Input records section start
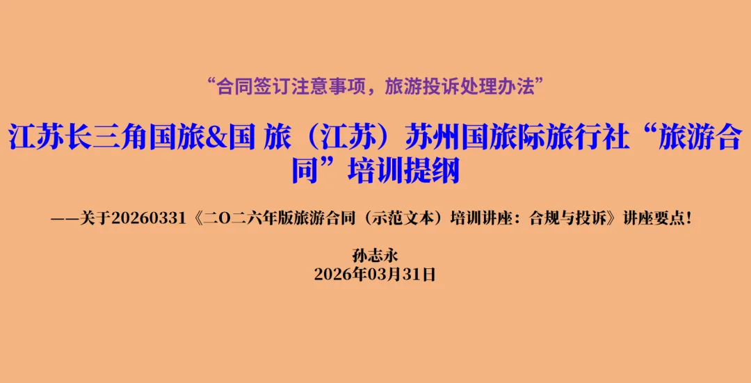 【旅游合同】“合同签订注意事项,旅游投诉处理办法”长三角&国旅(江苏)苏州国旅培训提纲——2026合同培训讲座:合规与投诉!
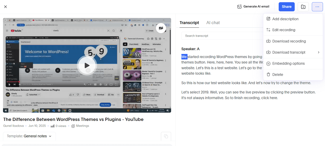 To test the tool, we recorded our screen while playing a video from Siteefy titled_“Difference Between WordPress Themes and Plugins.”_We simply clicked the “Start Recording” button, and once finished, we clicked “Stop Recording.”. The tool provided an accurate transcript of the screen recording. You can even interact with the built-in AI chat to ask questions, and it will respond based on the content of the video.
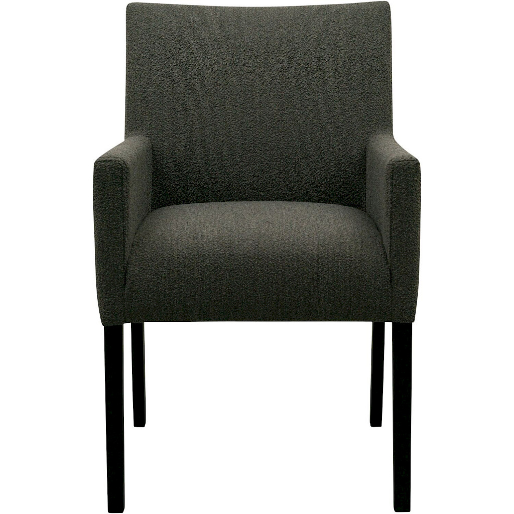 Armstoel Avanza is bekleed met een grijze boucléstof met een rijke, volle structuur. De stof voelt heerlijk zacht aan en heeft een levendige uitstraling dankzij de fijne geweven lussen. Dit geeft de stoel een warme, uitnodigende look die perfect past in een sfeervol interieur. De zwarte houten poten zorgen voor een stijlvol en rustig contrast. De poten zijn al gemonteerd, dus de stoel is direct klaar voor gebruik.
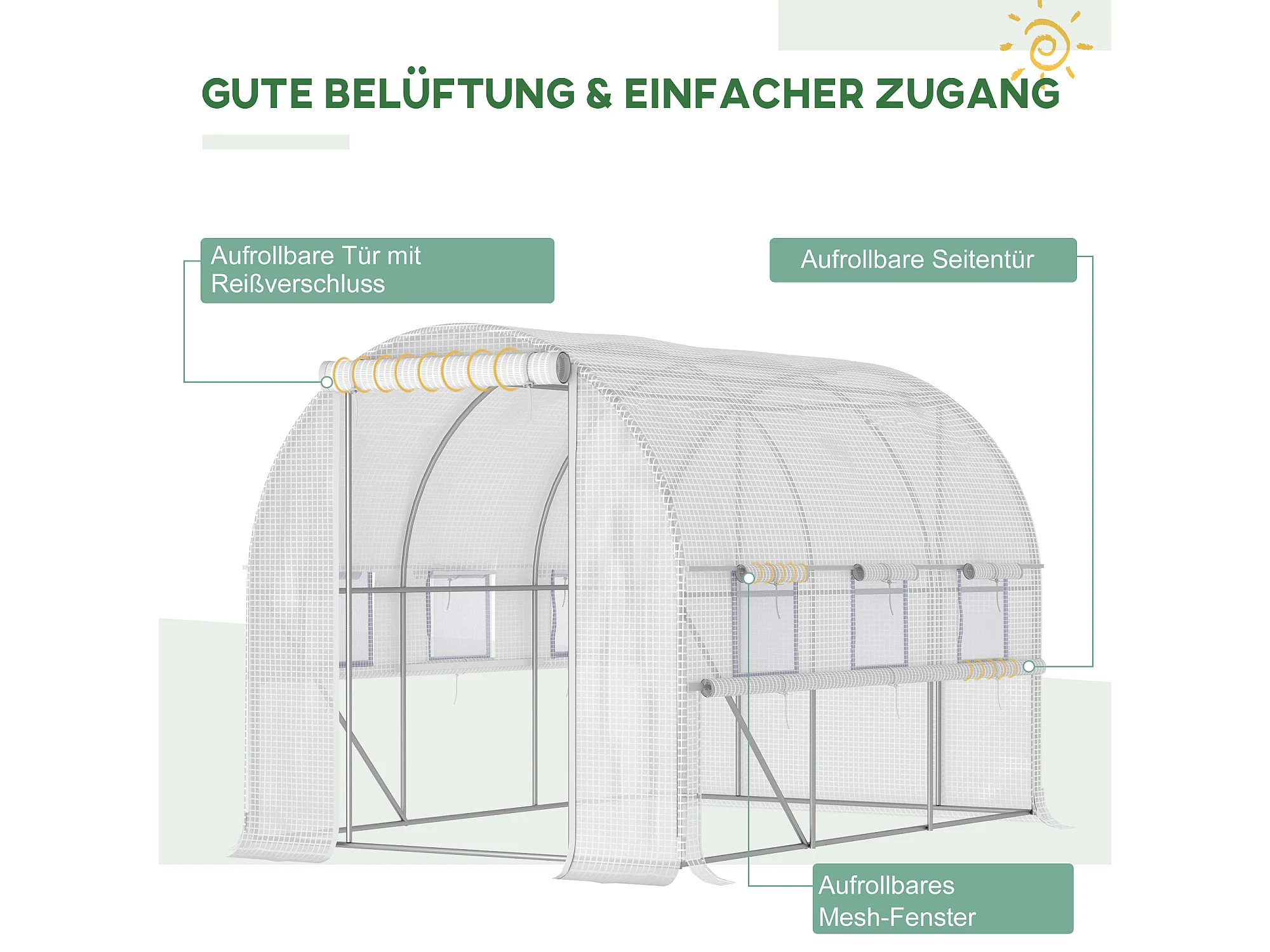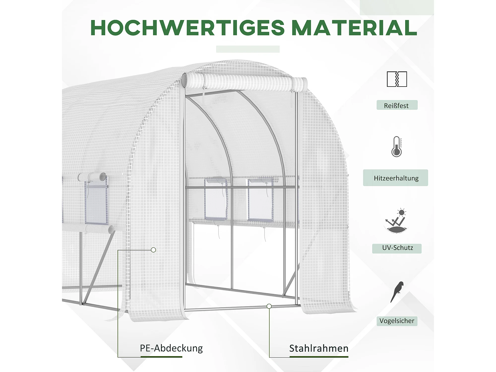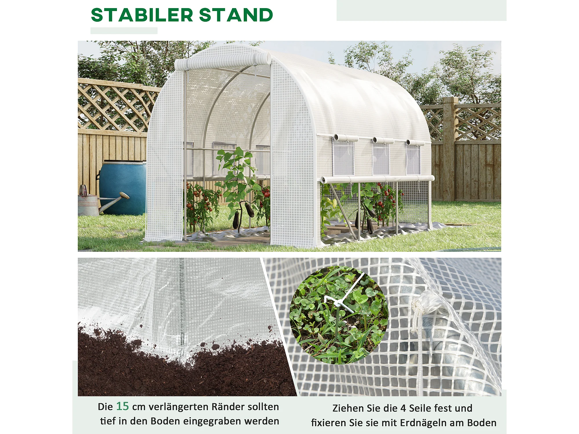 Serre tunnel avec fenêtres roulables, protection UV et vent, structure en acier, blanche (295x200x200 cm)
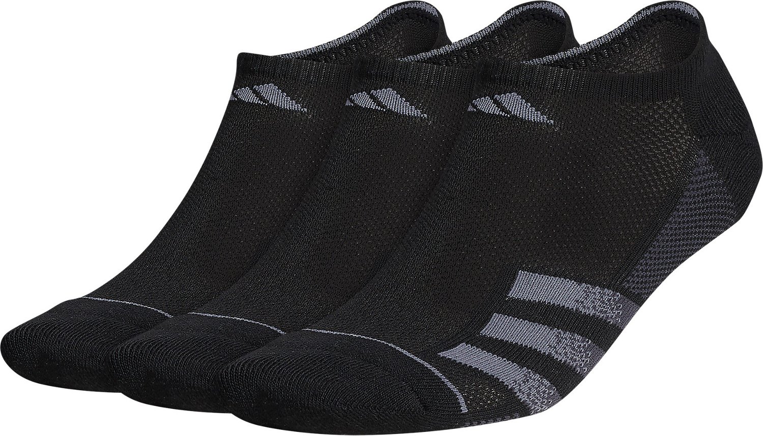 Run with comfort wearing the adidas Men's Superlite Stripe III No Show 3-Pack. The targeted cushioning at heel and toe softens impact with every step, and the mesh ventilation at the top of the feet provides a breathable wear. The 3-stripes displays your support for the brand.
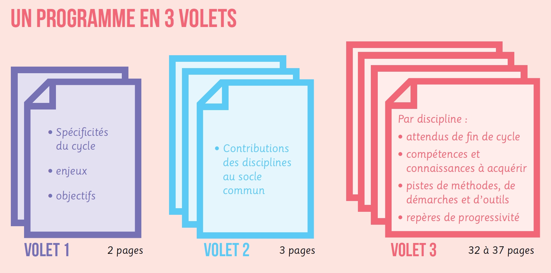 43 pages pour le cycle 2, 47 pour le cycle 3 sans compter les liens hypertextes et les annexes, une vingtaine de pages supplémentaires : ce projet de programmes est copieux. Le volet 3, celui qui doit guider les enseignants pour la mise en œuvre, apparaît parfois le plus confus et le plus difficile d'accès. Ces programmes doivent plus clairement indiquer les choix de ce qui doit être enseigné, mais également des attendus de fin de cycle clairs, en nombre limité et des repères de progressivité avec un niveau de détail adapté.
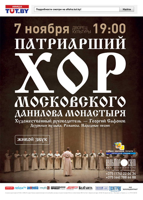 В рамках юбилейного тура по городам Беларуси Патриарший хор Московского Данилова монастыря выступит в Солигорске. Концерт известного коллектива в нашем городе состоится 7 ноября в 19.00 во Дворце культуры.
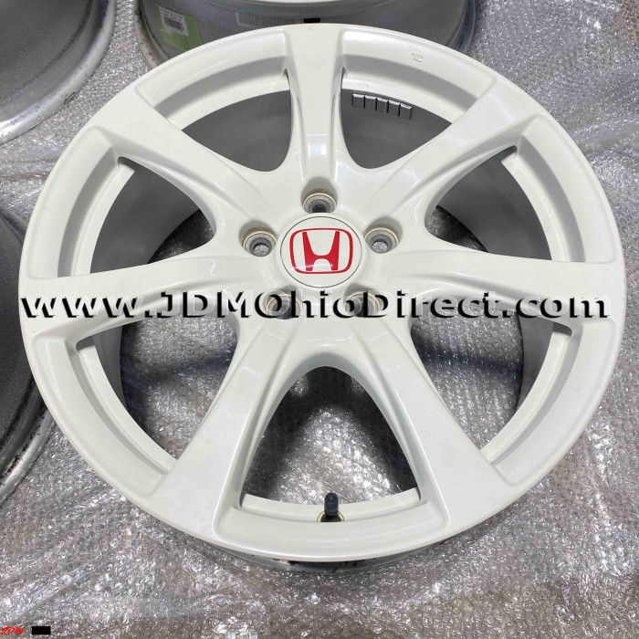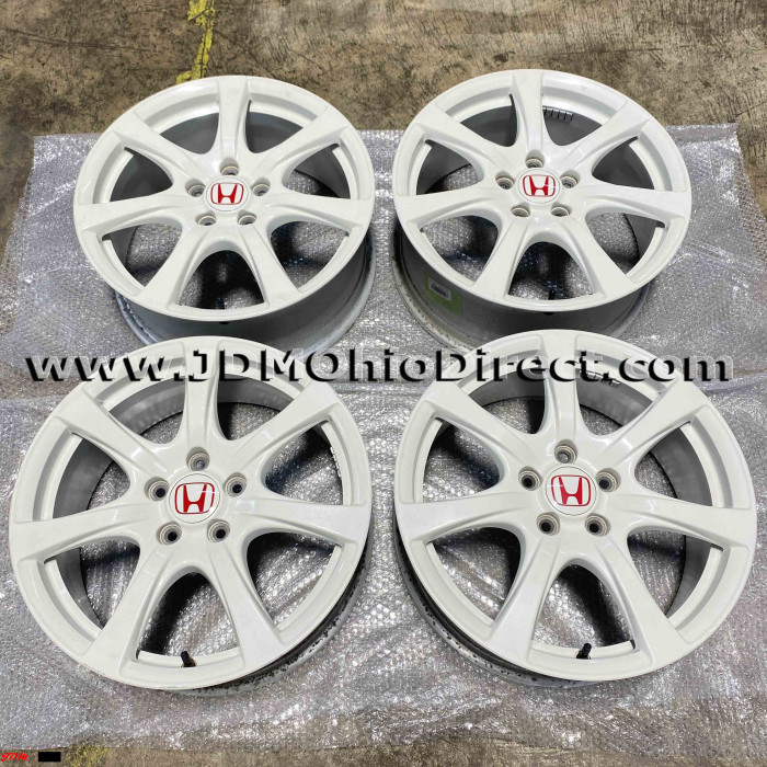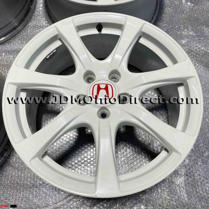 JDM FD2 Civic Type R Champ White Wheels 5 Lug 5x114.3. Wheels are in great used condition, with some very minor rash. All center caps included. Color is Championship White. Actual pictures shown.
Input records section end
■ Task goal ■
Verbatim transcription needed, from the opening line of the entries above through the line containing "To test the"; pictures do not belong in it.

■ Your solution ■
 【旅游合同】“合同签订注意事项,旅游投诉处理办法”长三角&国旅(江苏)苏州国旅培训提纲——2026合同培训讲座:合规与投诉!
 To test the tool, we recorded our screen while playing a video from Siteefy titled_“Difference Between WordPress Themes and Plugins.”_We simply clicked the “Start Recording” button, and once finished, we clicked “Stop Recording.”. The tool provided an accurate transcript of the screen recording. You can even interact with the built-in AI chat to ask questions, and it will respond based on the content of the video.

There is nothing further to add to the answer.